WHAT THIS TASK INVOLVES:
Any image found in the entries is to be skipped; the rest is returned word for word.

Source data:
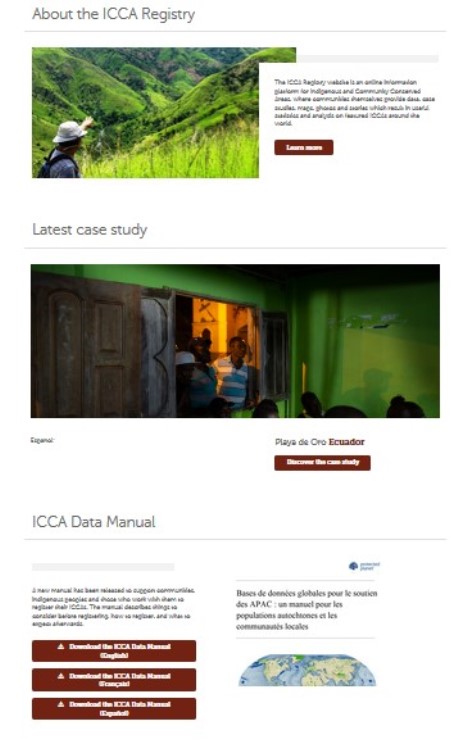 The ICCA Registry website is an online information platform for Indigenous and Community Conserved Areas (ICCA), where communities themselves provide data, case studies, maps, photos and stories which result in useful statistics and analysis on featured ICCAs around the world
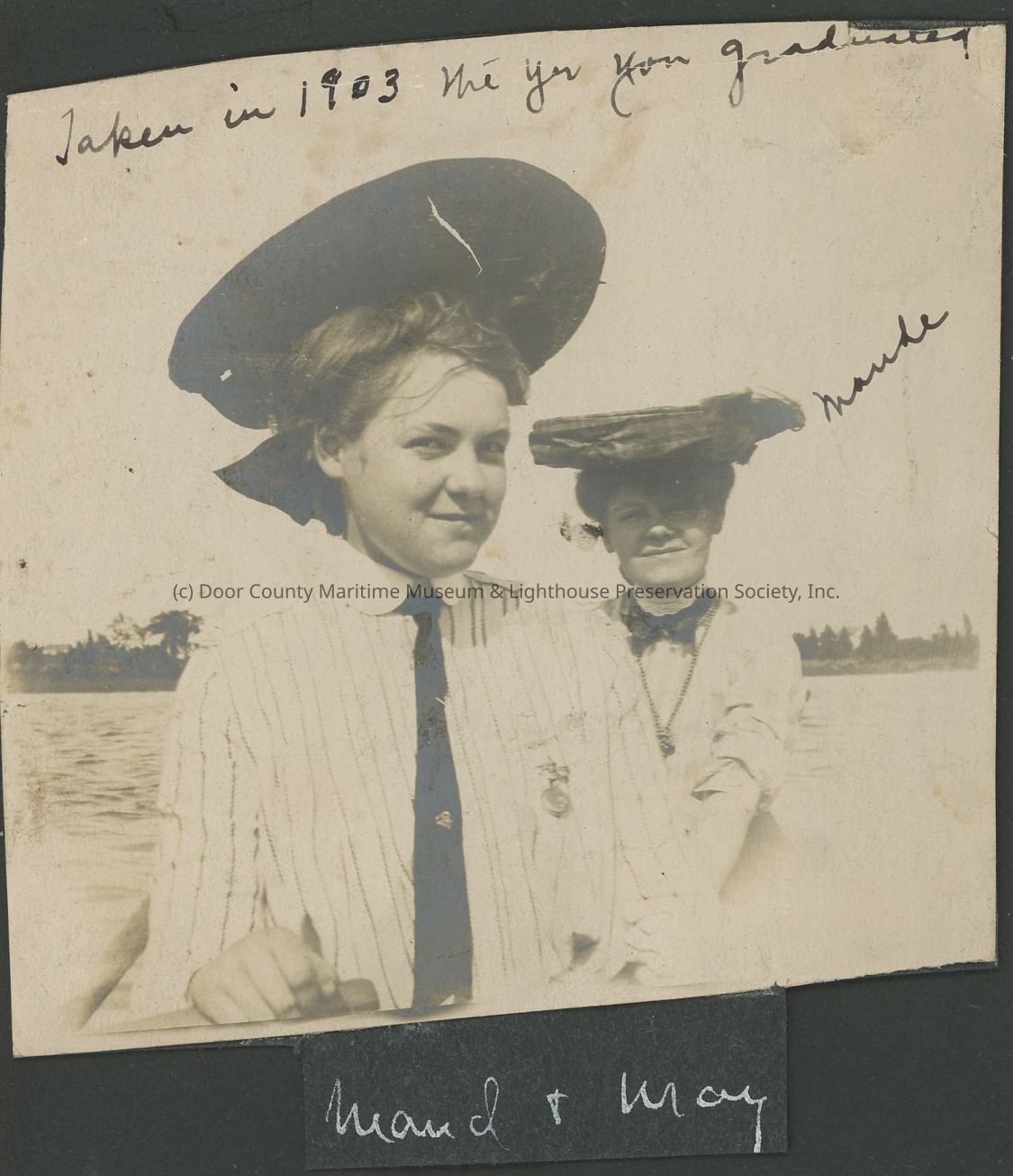 Two women in a boat, identified as Maude and Mary "Taken in 1903 me and your grandmother"
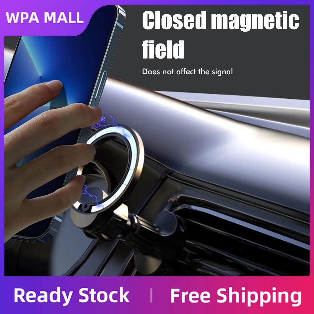 【Compatible for iPhone12 13】Perfectly aligned magnets attach to your compatible for iPhone, this car mount compatible for iPhone magsafe can work directly with your compatible for iPhone 13/12/mini/pro max without additional magnet rings. Just get close and your phone will automatically snap onto the ventilated car mount for your compatible for iPhone (it comes with a suction tab, works with other phones too) and enjoy the pleasure of holding your phone firmly! (Note: This car mount compatible for magsafe is not a charger!)
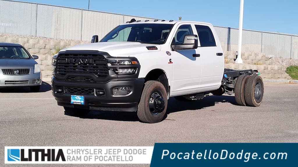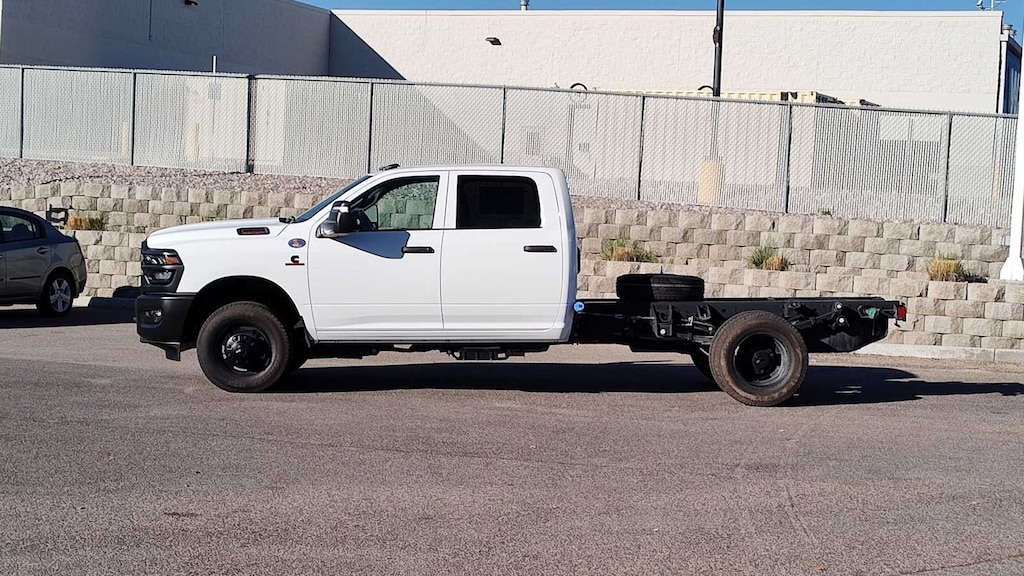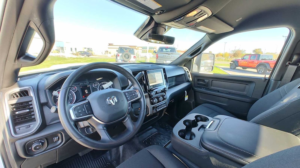 ENGINE: 6.7L I6 CUMMINS TURBO DIESEL Selective Catalytic Reduction (Urea), Dual 730 Amp Maintenance Free Batteries, Clean Idle Emissions Label, Cummins Turbo Diesel Badge, Current Generation Engine Controller, Smart Diesel Exhaust Brake, Supplemental Heater, 3.42 Axle Ratio, B-20 Bio Diesel Capability, DUAL REAR WHEELS Tires: LT235/80R17E BSW All-Season, Center Hub, 6000# Front Axle w/Hub Ext, Wheels: 17 x 6.0 Black Painted Steel, Nexen Brand Tires, 11.50 Dual Wheels Rear Axle, TRANSMISSION: 8-SPEED TORQUEFLITE HD AUTOMATIC (DFM) Transfer Case Skid Plate Shield, Power Take-Off Right/Left, TRADESMAN LEVEL 1 EQUIPMENT GROUP Rear Window Defroster, Black Power Heated Fold Telescope Mirrors, Exterior Mirrors w/Supplemental Signals, Exterior Mirrors Courtesy Lamps, Exterior Mirrors w/Heating Element, Trailer Brake Control, Trailer Light Check, Mirror Running Lights, Power Adjust Mirrors, Power-Adjustable Convex Aux Mirrors, PARKSENSE FRONT/REAR PARK ASSIST SYSTEM, BLACK, CLOTH 40/20/40 BENCH SEAT 4 Way Front Headrests. Ram Tradesman with Bright White Clearcoat exterior and Black interior features a Straight 6 Cylinder Engine with 360 HP at 2800 RPM*. Approx. Original Base Sticker Price: $71,500*.
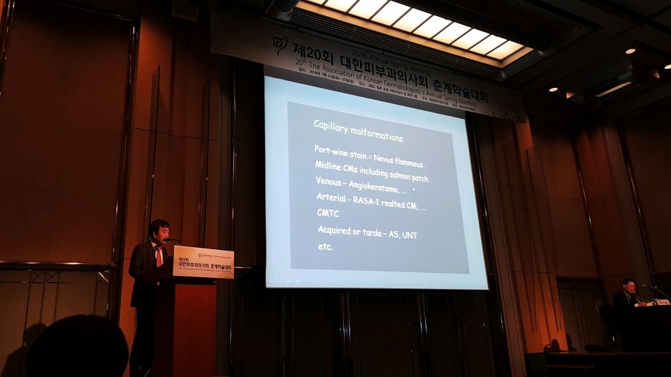 2018. 3. 25. 일요일김영걸원장은 지난 3월 25일 일요일 제 20회 대한피부과의사회 춘계심포지엄 [선천성 혈관질환 세션]에서 '화염상모반의 효과적인 레이저치료 팁' 을 주제로 강의를 하였습니다.강의에서는 화염상모반의 치료 노하우에 대해서 다루어졌습니다.
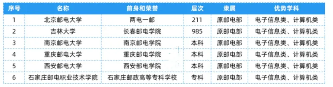 邮电部相关院校共有6所,层次、隶属及优势学科等具体信息可以参考下表~
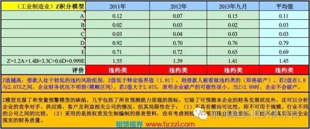 示例:某融資租賃公司判別承租人破產風險適用的Z評分模型
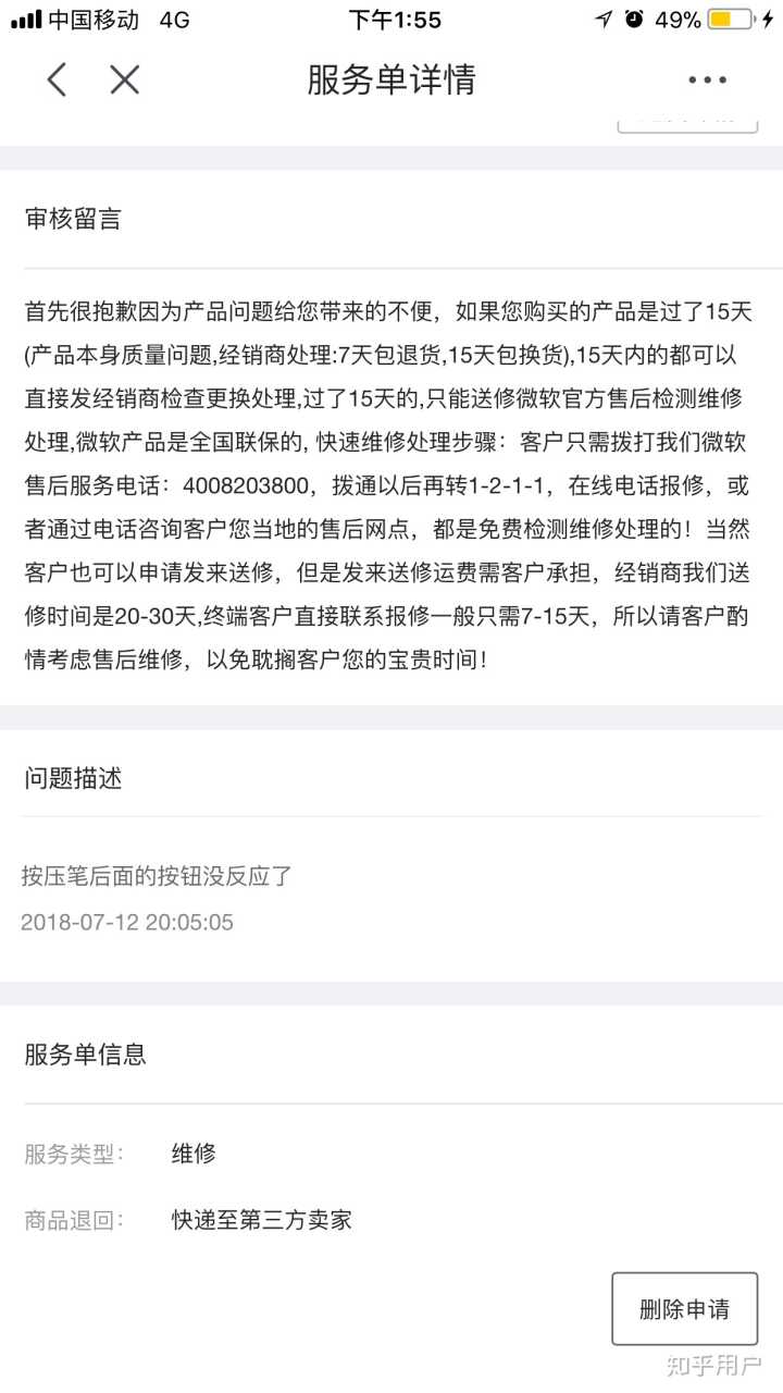 在我的使用中,我又发现笔后面的笔擦按钮经常失灵,我又一次申请维修,这一次,商家是这样说的,如图6,7
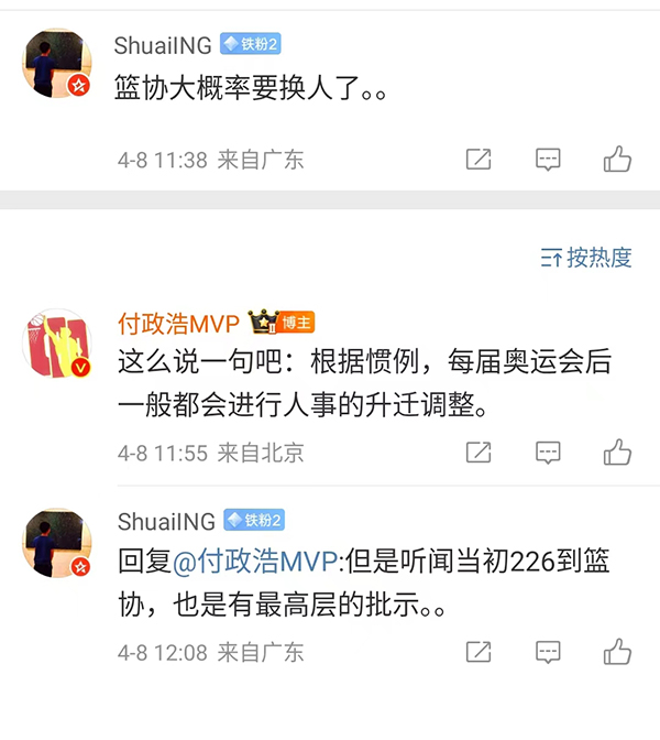 众所皆知,在管办分离之后,总局只是篮协的业务指导部门,对于篮协的直接管理力度不如此前,这也是总局一直对于篮协的举动没有太多动静的原因,而付政浩表示:如今总局有了高层(分管文体的最高层)的批示,总局拿着尚方宝剑,在对篮协进行业务指导硬气多了。

RESULT OF THE TASK:
 The ICCA Registry website is an online information platform for Indigenous and Community Conserved Areas (ICCA), where communities themselves provide data, case studies, maps, photos and stories which result in useful statistics and analysis on featured ICCAs around the world
 Two women in a boat, identified as Maude and Mary "Taken in 1903 me and your grandmother"
 【Compatible for iPhone12 13】Perfectly aligned magnets attach to your compatible for iPhone, this car mount compatible for iPhone magsafe can work directly with your compatible for iPhone 13/12/mini/pro max without additional magnet rings. Just get close and your phone will automatically snap onto the ventilated car mount for your compatible for iPhone (it comes with a suction tab, works with other phones too) and enjoy the pleasure of holding your phone firmly! (Note: This car mount compatible for magsafe is not a charger!)
 ENGINE: 6.7L I6 CUMMINS TURBO DIESEL Selective Catalytic Reduction (Urea), Dual 730 Amp Maintenance Free Batteries, Clean Idle Emissions Label, Cummins Turbo Diesel Badge, Current Generation Engine Controller, Smart Diesel Exhaust Brake, Supplemental Heater, 3.42 Axle Ratio, B-20 Bio Diesel Capability, DUAL REAR WHEELS Tires: LT235/80R17E BSW All-Season, Center Hub, 6000# Front Axle w/Hub Ext, Wheels: 17 x 6.0 Black Painted Steel, Nexen Brand Tires, 11.50 Dual Wheels Rear Axle, TRANSMISSION: 8-SPEED TORQUEFLITE HD AUTOMATIC (DFM) Transfer Case Skid Plate Shield, Power Take-Off Right/Left, TRADESMAN LEVEL 1 EQUIPMENT GROUP Rear Window Defroster, Black Power Heated Fold Telescope Mirrors, Exterior Mirrors w/Supplemental Signals, Exterior Mirrors Courtesy Lamps, Exterior Mirrors w/Heating Element, Trailer Brake Control, Trailer Light Check, Mirror Running Lights, Power Adjust Mirrors, Power-Adjustable Convex Aux Mirrors, PARKSENSE FRONT/REAR PARK ASSIST SYSTEM, BLACK, CLOTH 40/20/40 BENCH SEAT 4 Way Front Headrests. Ram Tradesman with Bright White Clearcoat exterior and Black interior features a Straight 6 Cylinder Engine with 360 HP at 2800 RPM*. Approx. Original Base Sticker Price: $71,500*.
 2018. 3. 25. 일요일김영걸원장은 지난 3월 25일 일요일 제 20회 대한피부과의사회 춘계심포지엄 [선천성 혈관질환 세션]에서 '화염상모반의 효과적인 레이저치료 팁' 을 주제로 강의를 하였습니다.강의에서는 화염상모반의 치료 노하우에 대해서 다루어졌습니다.
 邮电部相关院校共有6所,层次、隶属及优势学科等具体信息可以参考下表~
 示例:某融資租賃公司判別承租人破產風險適用的Z評分模型
 在我的使用中,我又发现笔后面的笔擦按钮经常失灵,我又一次申请维修,这一次,商家是这样说的,如图6,7
 众所皆知,在管办分离之后,总局只是篮协的业务指导部门,对于篮协的直接管理力度不如此前,这也是总局一直对于篮协的举动没有太多动静的原因,而付政浩表示:如今总局有了高层(分管文体的最高层)的批示,总局拿着尚方宝剑,在对篮协进行业务指导硬气多了。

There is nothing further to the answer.